Define "huge".  I see this argument occasionally, and generally I think
it is bogus.  As a wise man said: 'premature optimization is evil'
-Knuth.  

On any, remotely modern, RDBMS you are going to have no problems at all
until that table is well into the millions of records.

And the issue is not really record count - but value cardinality.  A low
cardinality causes indexes trees to be deep and expensive to update, and
slower to search.  A higher cardinality - which is common for a
linking/tagging example - will scale much more efficiently.  

With low cardinality - if you EXPLAIN your queries - you'll frequently
discover that your RDBMS' optimizer is [wisely] discarding your
carefully [or not] crafted indexes anyway, regardless of table size.

In addition to that every modern [which possibly excludes MySQL - but,
seriously, who cares?] supports conditional indexes and fragmented
tables.   These let you keep the simple link-table design [easily
supported in all languages] while having the increased scalability of a
more 'chunky' design.

For example, in OGo, we have an obj_info table;  which is basically
[with some dressing]: link_id INT, source_id INT, target_id INT.  Since
source_id and target_id have a naturally high cardinality you can pretty
much pour as much linking in there as you want.

Worried about index depth or append speed?  Create multiple fragmented
indexes:

create index obj_link_1m on obj_link(target_id) WHERE target_id >
1000000 AND target_id < 2000000;
create index obj_link_2m on obj_link(target_id) WHERE target_id >
1000000 AND target_id < 2000000;
create index obj_link_3m on obj_link(target_id) WHERE target_id >
2000000 AND target_id < 3000000;

.. or whatever ..

Don't worry, the optimizer will choose the correct one.

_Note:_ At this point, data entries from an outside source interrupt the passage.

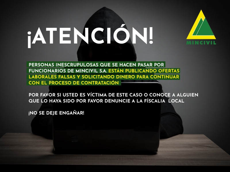MINCIVIL – TOPCO es un Grupo de empresas Colombianas que cuenta con mas de 40 años de experiencia en el desarrollo de proyectos de infraestructura en el territorio nacional, logrando posicionarse en el sector de la ingeniería y destacándose por sus valores corporativos enfocados en el cumplimiento, la calidad y la responsabilidad socio – ambiental convirtiéndola en una empresa líder y confiable en el sector.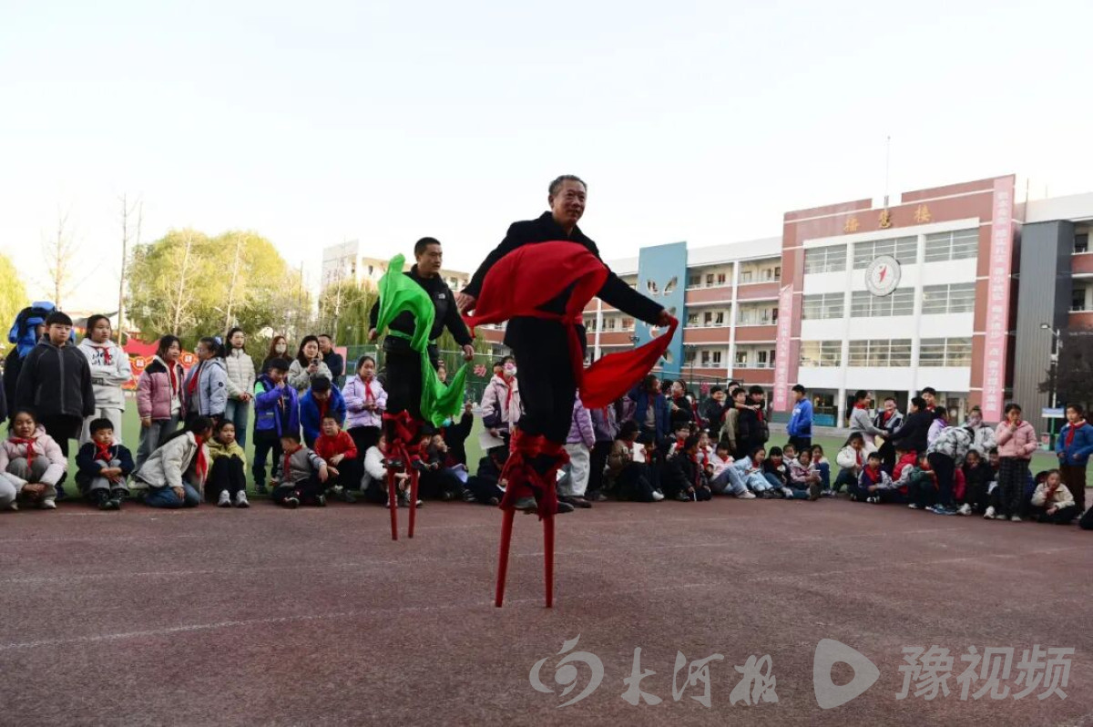 沁阳市山王庄镇万南村国家级非物质文化遗产项目高跷(高抬火轿)代表性传承人卫平均(右)等艺人为沁阳市实验小学学生表演“踩高跷”。杨帆摄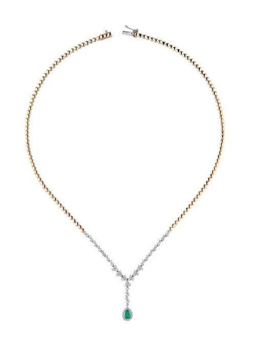 Sarı renk 14 ayar altın ile ürettiğimiz; Zarif Pırlanta Zümrüt Gerdanlık tamamen parlaktır. Pırlantalar minik gruplar halinde damla kolye ucuna doğru ilerliyor. Her kadının kıyafetleri ile rahatlıkla kombinleyeceği çok kullanışlı klasik bir gerdanlık modeline kibar bir dokunuş.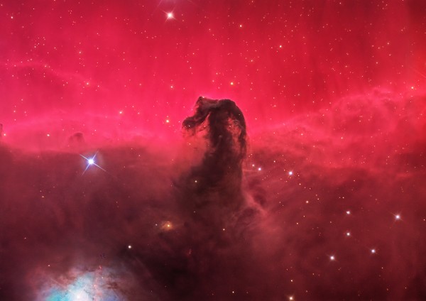 말모가지 성운 입니다. 오리온 자리에 있는 암흑성운이며, 붉은 빛을 내는 발광성운 IC434를 배경으로 말의 머리와 목부분의 디테일과 입체감을 살려서 머리 윗부분의 흰털과 말의 갈기를 자세히 표현해봅니다.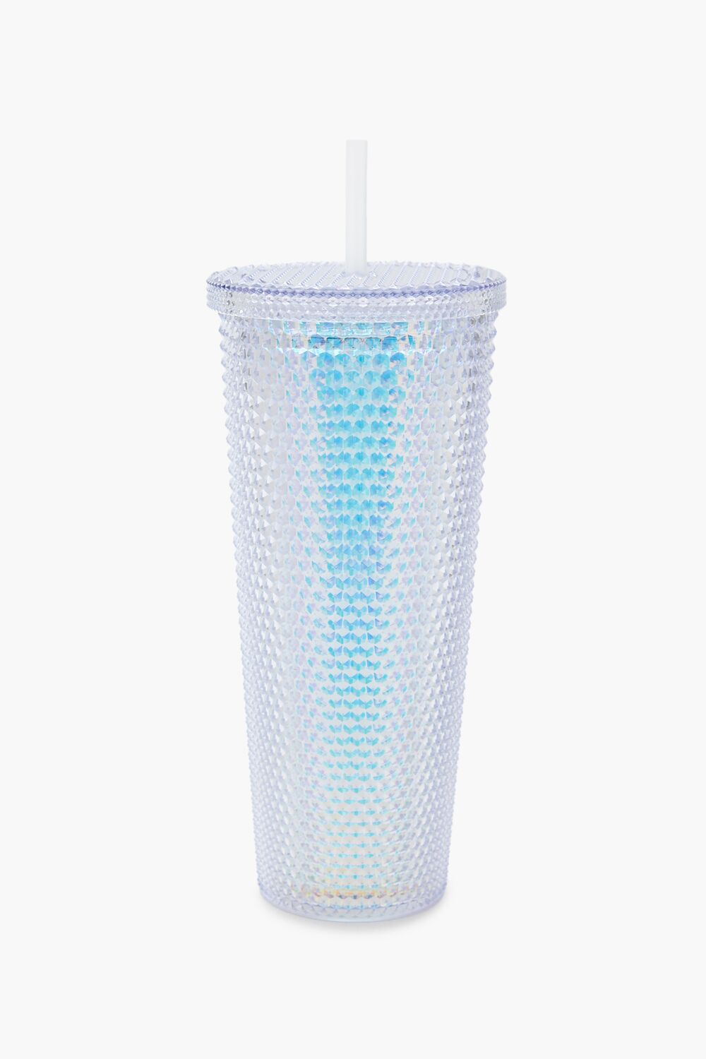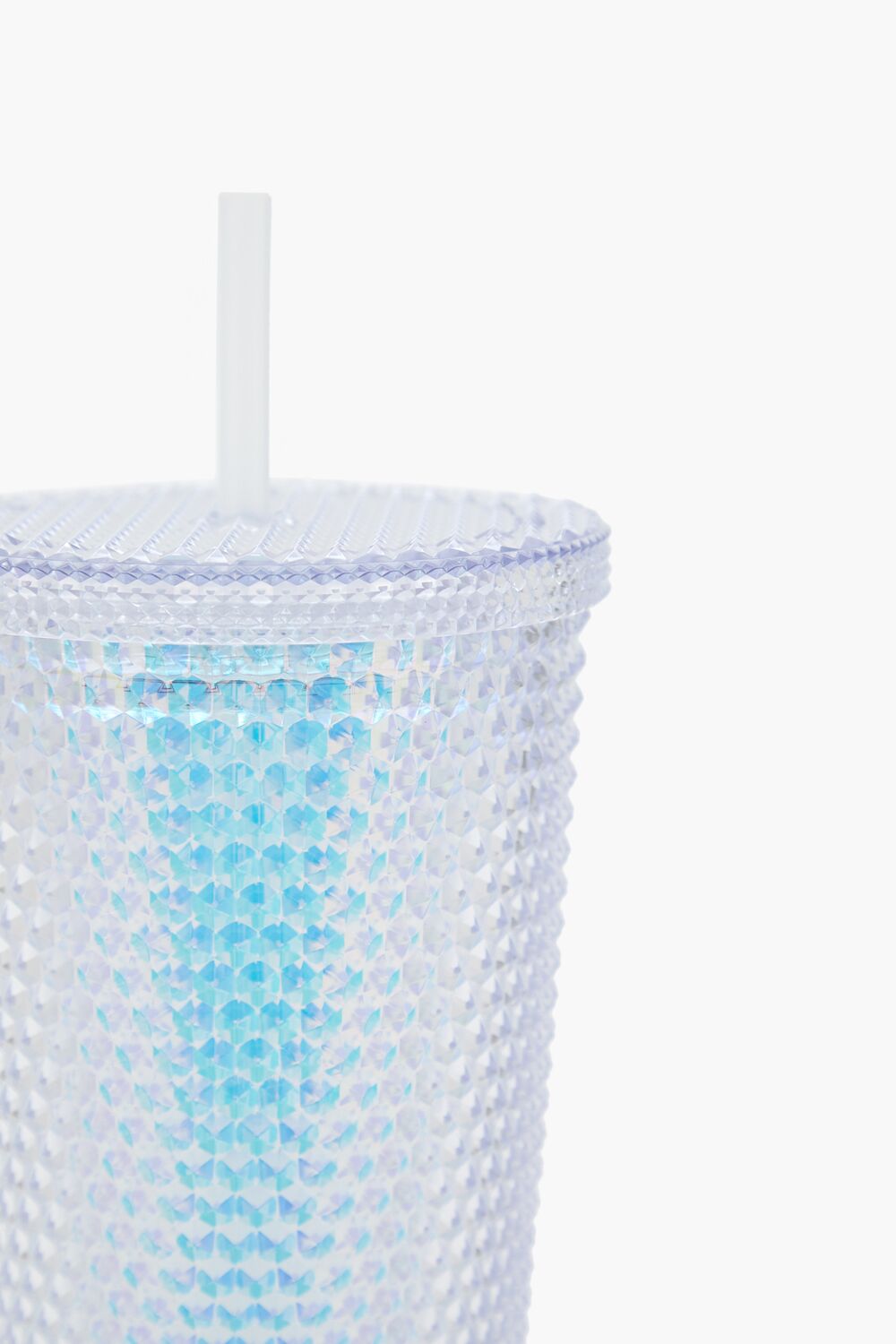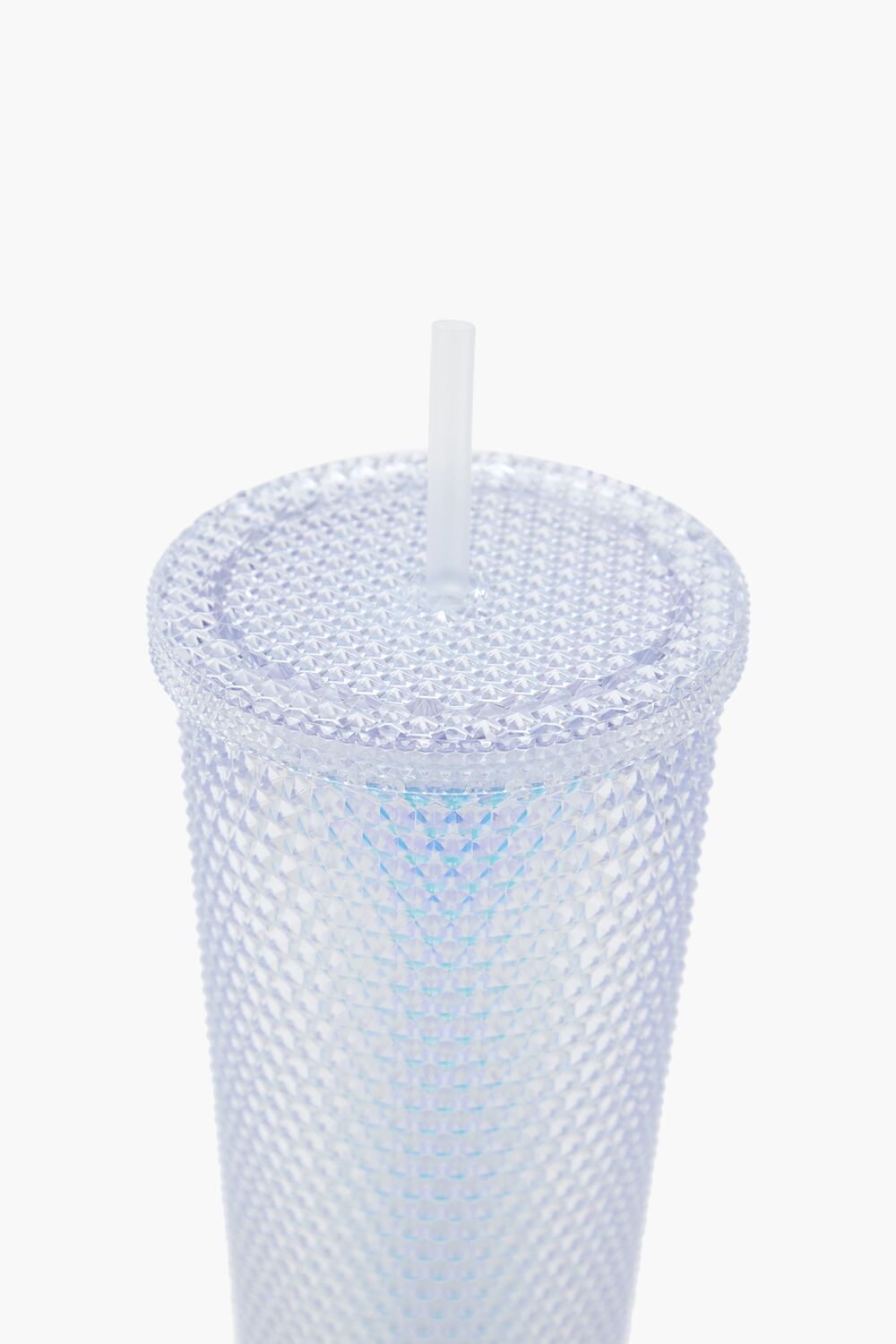 A tumbler featuring a textured design, iridescent finish, transparent construction, lid, and straw.Content + Care

You can do an equivalent [with slightly different syntax] in Informix,
DB2, or M$-SQL.   Each also provides transparent ways to fragment to
data table itself [though the details of their strategies differ quite a
bit - they all work].

Unless your RDBMS tables balloon into the hundreds of millions of
records most performance problems point to DBA incompetence or just
apathy.  Know thy tools!